Traditional data analysis methods and techniques depend on manual data analysis, collection, warehousing, etc. But, these methods have their respective limitations, such as they are time-consuming and prone to errors.

Here comes Python, a powerful programming language and a data analysis tool that can transform healthcare analytics.

Currently, the Python market is growing at a CAGR of 44.8%, which will be $100.6 million in 2030. These numbers are clear proof that the language is the future of Healthcare analytics and other business operations. Here is more to it!

Helius Work | How to Leverage Python for Advanced Healthcare Analytics - Python market

Understanding the Healthcare Data Landscape

Data is the foundation of Python-driven healthcare applications. In the healthcare industry, various types of data are used, including EHR, administrative records, health surveys, claims information, genomic datasets, and data from wearable gadgets.

However, this data often poses issues while analysing as it may be unstructured, incomplete, inaccurate, unprocessed, or contain redundancies. Additionally, healthcare data presents unique complexities, such as high volumes, the speed at which data is collected and processed, the diversity of data sources, and the reliability or accuracy of the information.

These aspects, especially variety and veracity, are important, as incorrect or insufficient data can lead to issues.

Now, this is where Python comes into the picture. Python helps ensure that data is clean and complete in every way before feeding it to the analytics algorithm. This is achieved with the help of precise data ingestion and data pre-processing.

Data ingestion, a key aspect of healthcare software development services, involves collecting healthcare data from various sources, cleaning it, and storing it in a centralized, accessible repository.

Besides data ingestion, python in healthcare is also useful for data pre-processing, which deals with data cleaning, data encoding, feature extraction, feature scaling, maintaining consistency in data, etc.

Above all these, other data analytics processes that streamline healthcare data analytics are data manipulation, data visualization, etc.

Core Python Libraries for Healthcare Analytics

If you have worked with Python or heard about it, you must know that the power of Python lies in its libraries. Python is blessed with numerous libraries that ease data analysis tasks. So, here are some of the best Python libraries for healthcare!

NumPy and Pandas for Data Manipulation and Analysis

The most common libraries that are used for data manipulation and analysis are NumPy and Pandas. NumPy is a Python library that is used to perform analysis on matrices and arrays. With the ability to support multi-dimensional arrays, it is also useful in analyzing and calculating basic calculations, such as mean, median, and mode.

Pandas is another utilitarian library that functions based on Numpy. Numpy is a dependency of the Pandas library. Pandas are used for tabular dataset analysis with different types of variables. Furthermore, it is also useful in data loading or feature engineering.

Matplotlib and Seaborn for Data Visualization

To make AI-Driven Healthcare Solutions, it is necessary to analyze data, and to do that; it has to be visualized properly. Python provides libraries like Matplotlib and Seaborn to visualize healthcare data.

Healthcare data is of several types, including EHR, patient diagnosis procedures, medical tests, claims data, genomic data, etc. As this data can be complex to analyze, Matplotlib and Seaborn can ease its visualization.

With these libraries, every type of healthcare data can be visualized with high-level statistical graphics and complex visualizations.

Scikit-learn for Machine Learning

Machine learning is a subset of data science that is used to build algorithms to help the machines study that data and learn from them.

Sci-kit Learn is a state-of-the-art library that features several powerful algorithms that, when combined with Pandas and NumPy, can help in deducing impressive insights from healthcare data.

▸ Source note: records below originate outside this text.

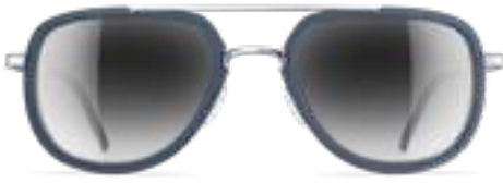
4510 denim / eclectic silver / silver gradient mirror

Model T635 Size 55/19/140 Materials 3D printed stainless steel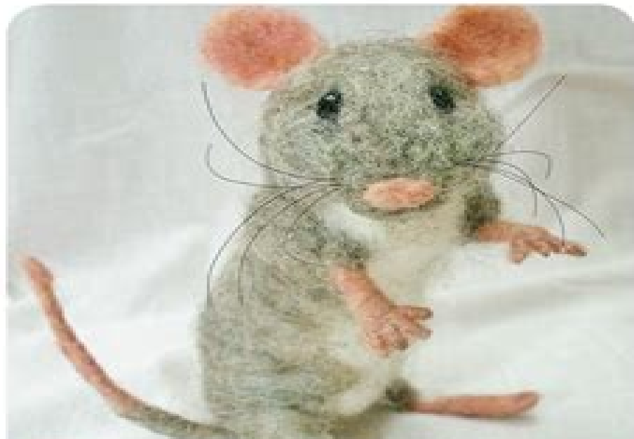
3D Needle Felting Workshops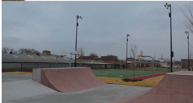
A skate park at the site.

For more information see: www.epa.gov/superfund-redevelopment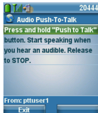
Figure 2-12 Push-to-Talk Application Screen

Once invoked, the Push-to-Talk application broadcasts the first application screen to the organizer's IP phone, as shown in Figure 2-12 .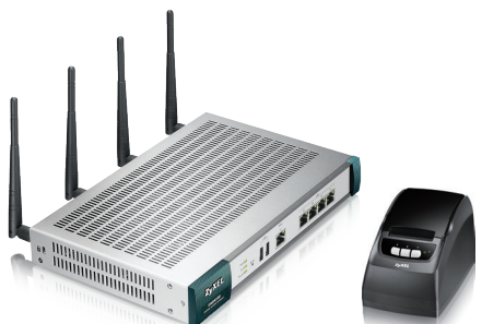
SP350E Service Gateway Printer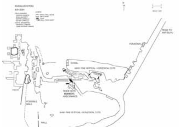
Figure 10: Kusilluchayoq with road to Antisuyu, plan. Field drawing by Jessica Christie; digital rendering by M. and J. Labadie.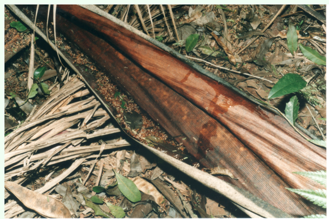
Figure 8. Fallen floral bracts of the palmetto Euterpe edulis Martius (Arecaceae) at the field site in Iguazú National Park, Misiones Province. High quality figures are available online.

Some of those Sci-kit Learn machine learning algorithms are classification, regression, clustering, pre-processing, etc. With support for methods like k-means, gradient testing, random forests, etc., Sci-kit Learn can help with the following machine learning development!

  • Predict how chemical compounds react with the body’s proteins.
  • Data from previous patients can be analyzed along with the current patient to create precision medicine.
  • Classification models for predicting disease outcomes and patient risk stratification.
  • Clustering models for patient segmentation and identifying similar patient groups.
  • Predictive modelling for predicting patient outcomes, treatment outcomes, and disease outbreaks.

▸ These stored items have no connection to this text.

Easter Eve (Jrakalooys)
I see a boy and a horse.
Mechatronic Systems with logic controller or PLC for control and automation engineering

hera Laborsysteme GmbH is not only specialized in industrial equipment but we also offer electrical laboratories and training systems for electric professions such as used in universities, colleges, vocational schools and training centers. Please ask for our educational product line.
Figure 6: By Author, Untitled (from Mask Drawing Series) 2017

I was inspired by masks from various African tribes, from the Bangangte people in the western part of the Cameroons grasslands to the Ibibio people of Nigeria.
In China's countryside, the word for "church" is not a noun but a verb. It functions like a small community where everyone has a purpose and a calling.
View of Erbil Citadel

Statsmodels for Statistical Modelling

Statsmodel is another powerful Python library that caters to the classes and functions for statistical data analysis. Backed by powerful models and functions like regression analysis, hypothesis testing, GLMs, and more, Statsmodels can help predict patient outcomes, forecast resource needs, enable drug testing, etc.

Natural Language Processing (NLP) Libraries for Text Data Analysis

NLP, or natural language processing, has several applications in healthcare analytics, and powerful NLP libraries, such as NLTK, Regex, Textacy, VADER, etc., back these applications. NLP can help in healthcare analytics via predictive analytics, sentiment analysis, text analysis, clinical documentation, speech recognition, etc.

Advanced Analytics Applications in Healthcare

So far, we are clear on the Python libraries that are useful in healthcare analytics. All these libraries enable several advanced applications, as described below!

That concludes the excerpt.